IS WHOLESALING REAL ESTATE LEGAL?
I’m not going to get too far down into the weeds here. As you know, with any post there are a lot of “What ifs”, ways for people to misinterpret, and look for a way to weasel around what is said.
First, people must stop equating “Assigning the Contract” as everything wholesaling. Assigning is a useful tool, but only one of several ways to wholesale a property. I understand people’s attraction, as it’s always promoted as a way to “invest” with little or no money, and make a nice chunk of change doing it.
The following applies specifically to unlicensed people in Ohio. Most, if not all states are probably very similar.
WHOLESALING BY CONTRACT ASSIGNMENT
The first two are absolutely absolute (redundancy intended). Direct from the Ohio Revised Code and the Division of Real Estate attorneys. There is NO wiggle room.
Assigning a contract is perfectly legal. However, what people are doing to get from contract to assignment is frequently not. Driving to the Beach is legal. Driving 90 miles an hour to get there is not. Assigning a contract simply takes a few sentences to accomplish. Of course, a specific contract can prohibit assignment, but the law clearly allows it.
You cannot advertise a property for sale unless you legally own it. Having it under contract is NOT the same as owning it. And for the weasels, “Equitable Interest” does NOT give you ownership and allow you to advertise the property for sale. You must have legal ownership. There are still questions on precisely where the line for “advertising” is drawn. The Division would not take a solid position on where the line was if you were just advertising “The Contract” for the property.
The next one should be absolute, but there may be a loophole somewhere.
Do not put a property under contract unless you are ready, willing, and able to close on it personally. (For me, this is an absolute.) There are all kinds of issues with entering any contract when you have no intent or ability to perform on the contract. And you’re screwing the seller if you don’t perform. Don’t do it. This is one of the key points for the State to determine if you are acting as an agent.

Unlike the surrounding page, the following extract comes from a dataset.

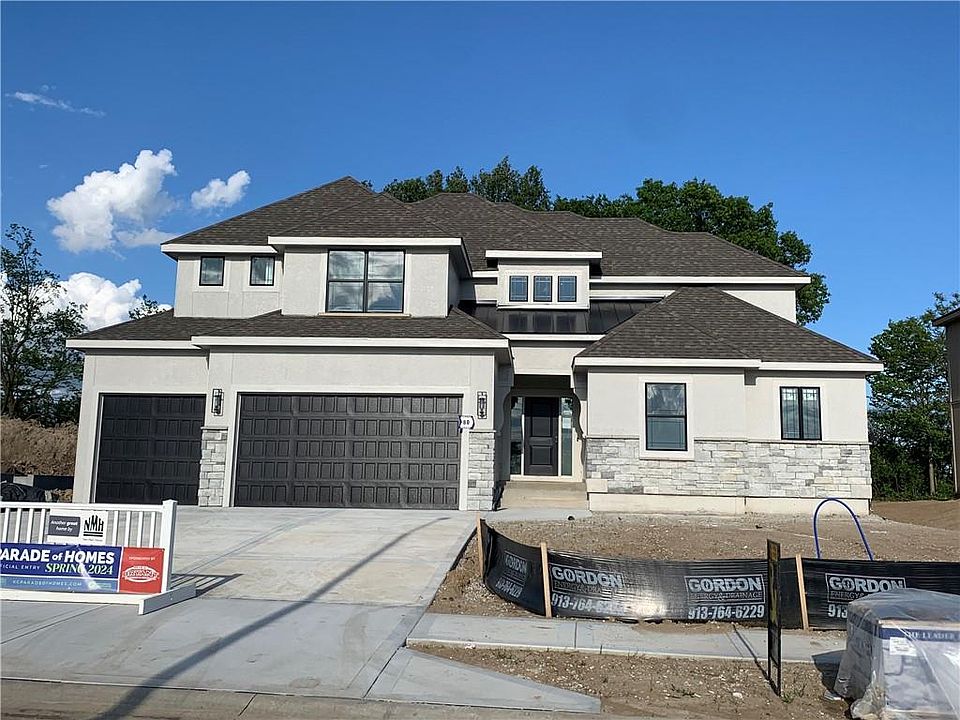 Jaw-Dropping "Brooklyn" 1.5 Story built by Award-Winning New Mark Homes KC!  Soaring Ceilings in Great Room, High-End finishes and Main Level Primary Suite! Additional Secondary Bedroom on Main Level would make a Great Guest Bedroom or Office Space. Upper Level Features 3 More Bedrooms making this a 5 Bedroom Plan! Upper Level also has Loft Space and Second Laundry Room. Pictures are of another completed home. Features will vary. This home is UNDER CONSTRUCTION. Still time to make design selections! Taxes, sq footage, room and lot sizes estimated. Cadence is a great Hunt Midwest community with swimming pool and trails. Located near major highways and interstates allows for easy access to downtown Kansas City, the new Kansas City International Airport, and several of the area’s top shopping and entertainment centers. (Framing stage as of 10/2023)

If you assign multiple deals, but never close on one personally, you’re going to have a hard time saying you’re not acting as an agent.

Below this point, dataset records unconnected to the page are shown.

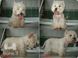 Maudau, kerpu, triminguoju, iššukuoju sąvėlas, išvalau ausis bei pašalinu plaukelius, kerpu nagučius, taip pat iššukuoju poplaukį.
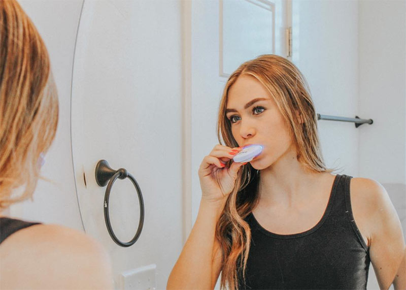 La maggior parte dei dispositivi per lo sbiancamento dei denti include una luce LED e un boccaglio, e anche una sorta di gel sbiancante per denti con perossido di carbammide. La luce a LED dovrebbe aiutare ad attivare il gel sbiancante per denti per rendere i denti più bianchi.
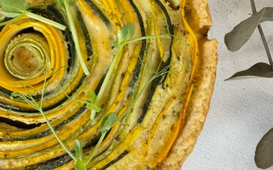 Готуємо кабачковий тарт у невеликій формі 16 см. Складаємо туди крихке тісто, ароматну заливку з вершків, яєць і прованських трав та різнокольорові слайси кабачків, викладені спіраллю. На відміну від класичного кіша із кубиками овочів, тут овочі нарізаються стрічками — це дає ніжну текстуру, приголомшливий вигляд і на додачу ще й рівномірне пропікання. Подавати пиріг з кабачками краще теплим або кімнатної температури — бортики все одно залишаються хрусткими, а серединка — кремовою. Залишки зберігай у холодильнику до 36 годин у щільному контейнері.
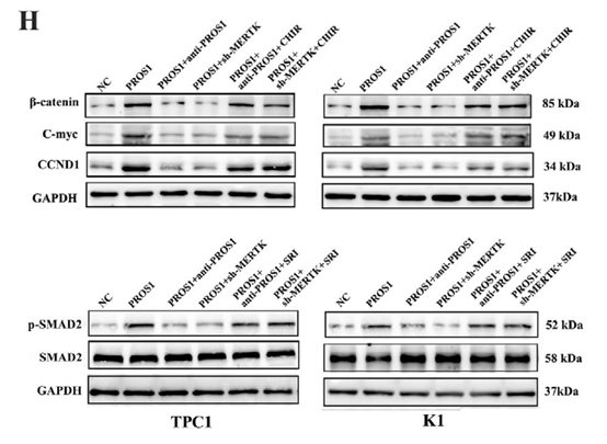 PROS1 结合 MERTK 后,激活下游 WNT/β-catenin 和 TGF-β/SMAD2 通路,促进肿瘤细胞增殖、侵袭;

If you’re putting properties under contract, but have no intent or ability to close, you’re violating contract law, and trying to act as an agent. (Imagine the seller suing you for contract fraud and specific performance.)

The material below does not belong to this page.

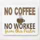 Kaffe-Älska pastorn, detta ens för dig! Dela ett leende eller två, med de runt om dig med vårt roligt inget kaffe ingen Workee från t-skjortor, gåvor och dräkt för denna pastor som presenterar en ångande kopp av kaffeuppsättningen inom en djärv orientering av ` kaffe-färgad' text. Göra perfekt gåvaidén för det hård-till-få-för pastor på ditt listar!

If you leave behind a trail of purchase agreements you didn’t close on if you couldn’t assign it, then you’re probably acting as an agent.
Now for the licensees:
Being a licensee allows you to advertise a property you don’t own when you have a listing agreement signed by the property owner. You can have it under contract and be acting for yourself, and not as an agent. However, consider this. I can easily imagine a seller filing a complaint/lawsuit on how they were taken advantage of by the unscrupulous licensed, skilled professional real estate agent. You know the one who put their home under contract, then assigned the contract for a lot more than a commission. The agent clearly took advantage of the unsophisticated seller, and stole their home for less than it was worth for their own personal gain. Guess who wins that?
Being a licensee requires clear specific disclosures if you intend to wholesale, and the broker’s approval.
Wholesaling and all real estate activities MUST comply with the three rules above.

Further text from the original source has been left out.